The global `state_actions` maps states to valid actions from that state. There are no actions available from a terminal state.

In [77]:
state_actions = dict()

for s in states.keys():
    children = set()
    for a in actions.keys():
        if transition(s,a) != s:
            children.add(a)
    state_actions.update({ s: children } )

In [78]:
state_actions

{0: set(),
 1: {'down', 'left', 'right'},
 2: {'down', 'left', 'right'},
 3: {'down', 'left', 'right'},
 4: {'down', 'left', 'right'},
 5: {'down', 'left', 'right'},
 6: {'down', 'left', 'right'},
 7: {'down', 'left', 'right'},
 8: {'down', 'left', 'right'},
 9: {'down', 'left'},
 10: {'down', 'right', 'up'},
 11: {'down', 'left', 'right', 'up'},
 12: {'down', 'left', 'right', 'up'},
 13: {'down', 'left', 'right', 'up'},
 14: {'down', 'left', 'right', 'up'},
 15: {'down', 'left', 'right', 'up'},
 16: {'down', 'left', 'right', 'up'},
 17: {'down', 'left', 'right', 'up'},
 18: {'down', 'left', 'right', 'up'},
 19: {'down', 'left', 'up'},
 20: {'down', 'right', 'up'},
 21: {'down', 'left', 'right', 'up'},
 22: {'down', 'left', 'right', 'up'},
 23: {'down', 'left', 'right', 'up'},
 24: {'down', 'left', 'right', 'up'},
 25: {'down', 'left', 'right', 'up'},
 26: {'down', 'left', 'right', 'up'},
 27: {'down', 'left', 'right', 'up'},
 28: {'down', 'left', 'right', 'up'},
 29: {'down', 'left', 

The global policy `pi` ($\pi$) starts out as a uniform policy. Each action is taken with uniform probability from each state.

In [79]:
pi = dict()
for s in states:
    children = state_actions[s]
    for a in children:
        pi.update( { (s,a) : 1/len(children) } )

Initialize transition probabilities. In conformity to the RL textbook, $P(s',r | s,a)$ is the defining probability in all problems. Given an agent in state $s$ and completing action $a$, what is the probability of transitioning to state $s'$ and receiving reward $r$. For gridworld, the environment is entirely deterministic.
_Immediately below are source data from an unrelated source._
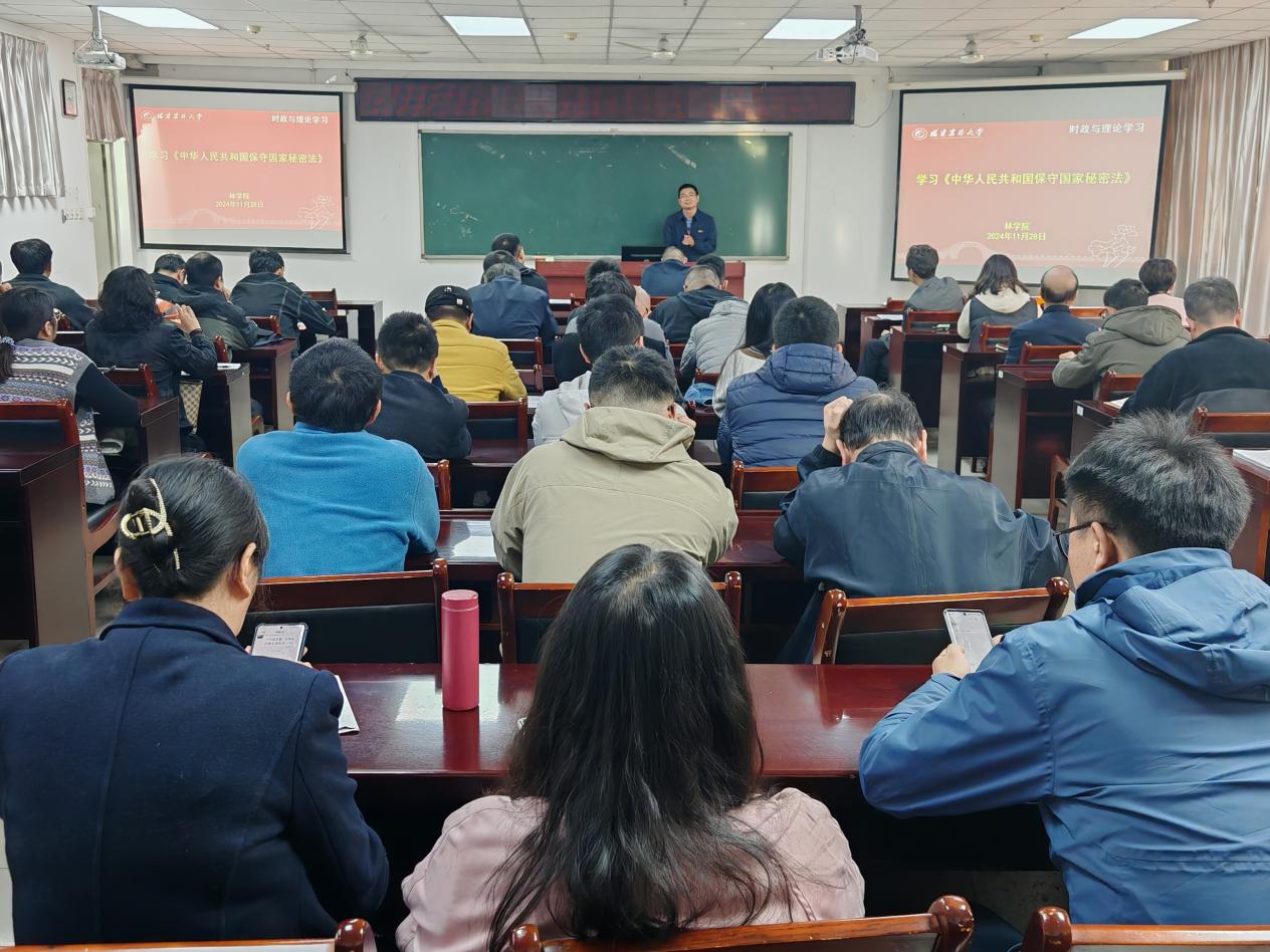 为加强全体教职工的保密意识,提升保密工作的能力和水平,11月28日,林学院在田C215组织《中华人民共和国保守国家秘密法》学习会,会议由学院党委副书记(主持工作)余坤勇主持,全体教职工参会。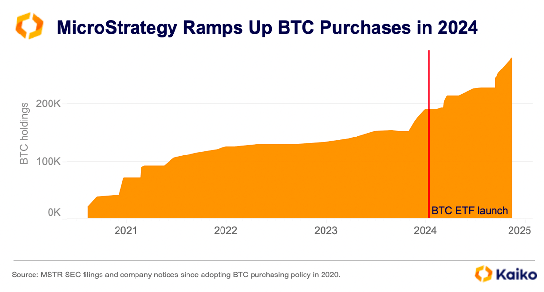 Self-described Bitcoin treasury company MicroStrategy is reaping the rewards of its bold strategy. Michael Saylor’s firm has been adding BTC to its balance sheet since August 2020, and since the launch of BTC ETFs in January, they’ve even accelerated their purchases.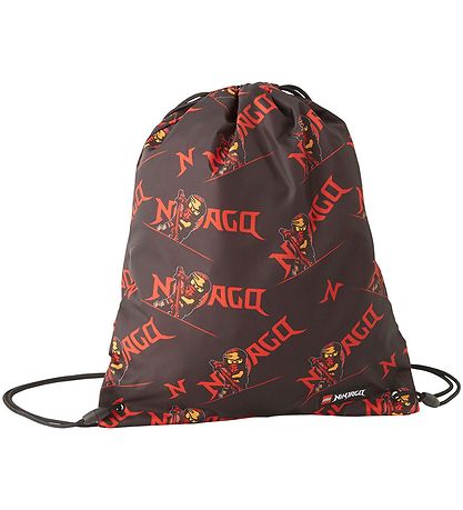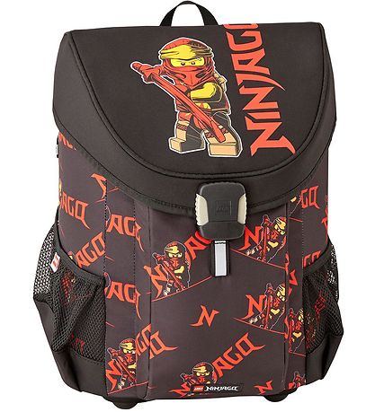 Kult LEGO® Ninjago skolesekk sett i svart, med et all-over trykk av den røde ninjaen og "Ninjago" i røde og gule nyanser. På toppen er den svart, med et stort trykk av den røde ninjaen og "Ninjago".

Action $a$ from state $s$ will always transition to the same $s'$ and return reward $-1$. This dictionary contains all valid transitions and maps them to the probability $p=1$.

In [80]:
p = dict()

In [81]:
for s in states:
    children = state_actions[s]
    for a in children:
        next_s = transition(s, a)
        r = reward(s, a)
        p.update( { (s, a, next_s, r) : 1 } )
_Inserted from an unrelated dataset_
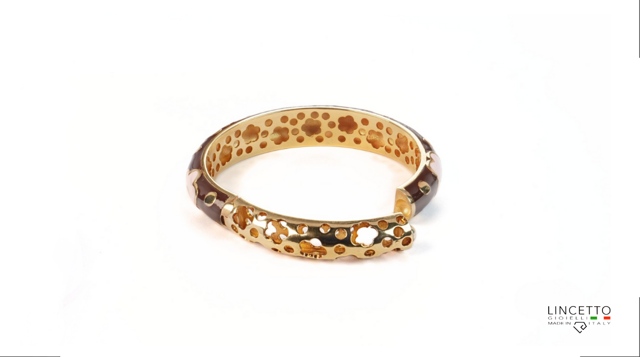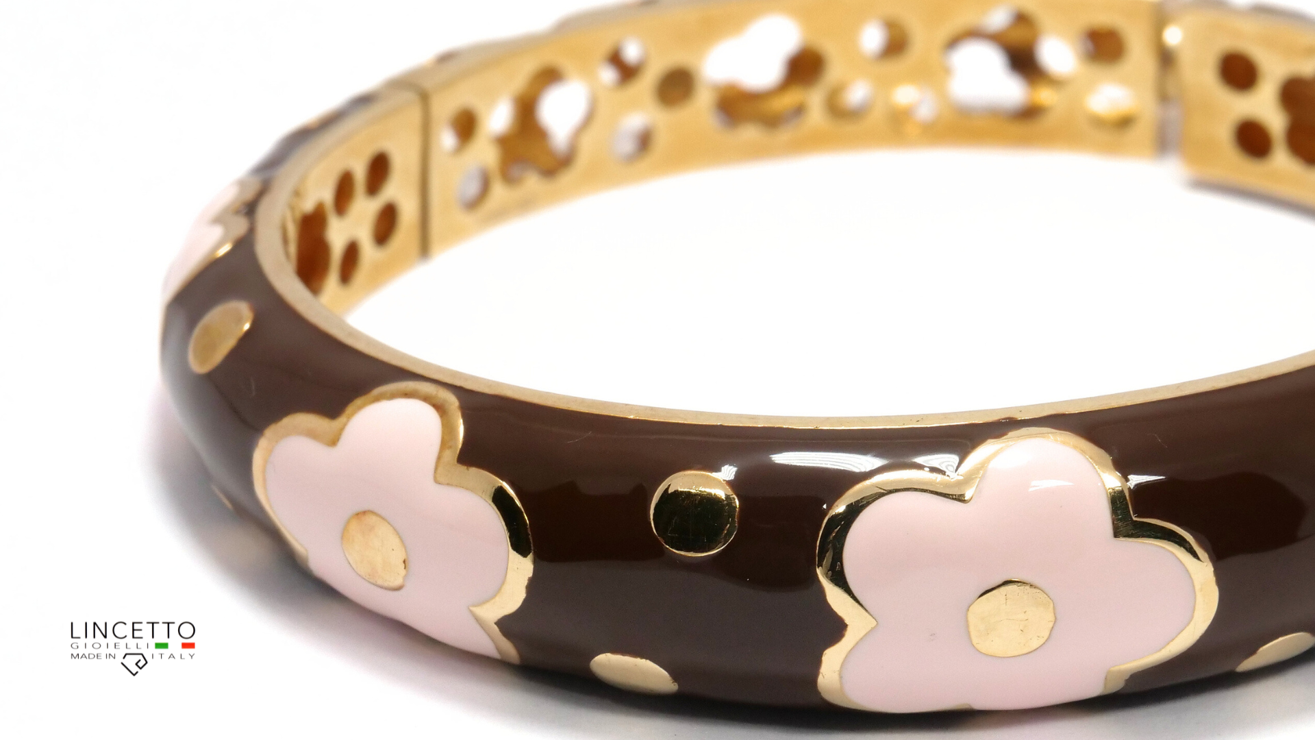 Add a touch of freshness and color to your look with this beautiful enameled floral bangle from our Flora Collection. Crafted with care and attention to detail, this bangle features a vibrant floral pattern that combines delicate antique pink enameled flowers on a brown background, creating an elegant and refined contrast.

## 4.1 Iterative Policy Evaluation Algorithm

Following the algorithm on p.75 of the RL text, we iteratively evaluate the value of policy `pi` = $\pi_U$, the uniform policy

In [82]:
V = { s:0.0 for s in states }
gamma = 1
count = 1
while count < 50:
    delta = 0
    for s in states:
        v = V[s]
        new_v = 0
        for a in state_actions[s]:
            r = reward(s, a)
            new_state = transition(s, a)
            new_v  += pi[(s,a)]*p[(s,a,new_state,r)]*(r + gamma*V[new_state])
        V[s] = new_v
        delta = max(delta, abs(v - V[s]))
    if delta < 0.01:
        break
    count += 1

Now compute the optimal policy based on the child with max V

In [83]:
optimal = dict()
for s in states:
    children = state_actions[s]
    children_states = [transition(s,a) for a in children]
    if (len(children_states) == 0):
        continue
    best_child = max([c for c in children_states], key = lambda x: V[x])
    optimal.update({s : best_child} )
optimal.update({ s: s for s in terminal_states })

In [84]:
for i in range(world_size):
    for j in range(world_size):
        print (f"{V[i*world_size + j]:8.2f}", end=' ')
    print()

    0.00   -33.23   -52.10   -63.96   -71.84   -77.22   -80.93   -83.46   -85.12   -86.12 
  -33.23   -46.21   -58.15   -67.26   -73.88   -78.59   -81.88   -84.14   -85.62   -86.52 
  -52.10   -58.15   -65.22   -71.47   -76.40   -80.06   -82.64   -84.38   -85.51   -86.21 
  -63.96   -67.26   -71.47   -75.50   -78.83   -81.30   -82.96   -83.97   -84.55   -84.93 
  -71.84   -73.88   -76.40   -78.83   -80.76   -82.02   -82.60   -82.63   -82.41   -82.28 
  -77.22   -78.59   -80.06   -81.30   -82.02   -82.05   -81.35   -80.08   -78.64   -77.68 
  -80.93   -81.88   -82.64   -82.96   -82.60   -81.35   -79.11   -76.02   -72.63   -70.13 
  -83.46   -84.14   -84.38   -83.97   -82.63   -80.08   -76.02   -70.39   -63.66   -57.89 
  -85.12   -85.62   -85.51   -84.55   -82.41   -78.64   -72.63   -63.66   -51.27   -37.38 
  -86.12   -86.52   -86.21   -84.93   -82.28   -77.68   -70.13   -57.89   -37.38     0.00 


In [85]:
for i in range(world_size):
    for j in range(world_size):
        print (f"{optimal[i*world_size + j]:4}", end=' ')
    print()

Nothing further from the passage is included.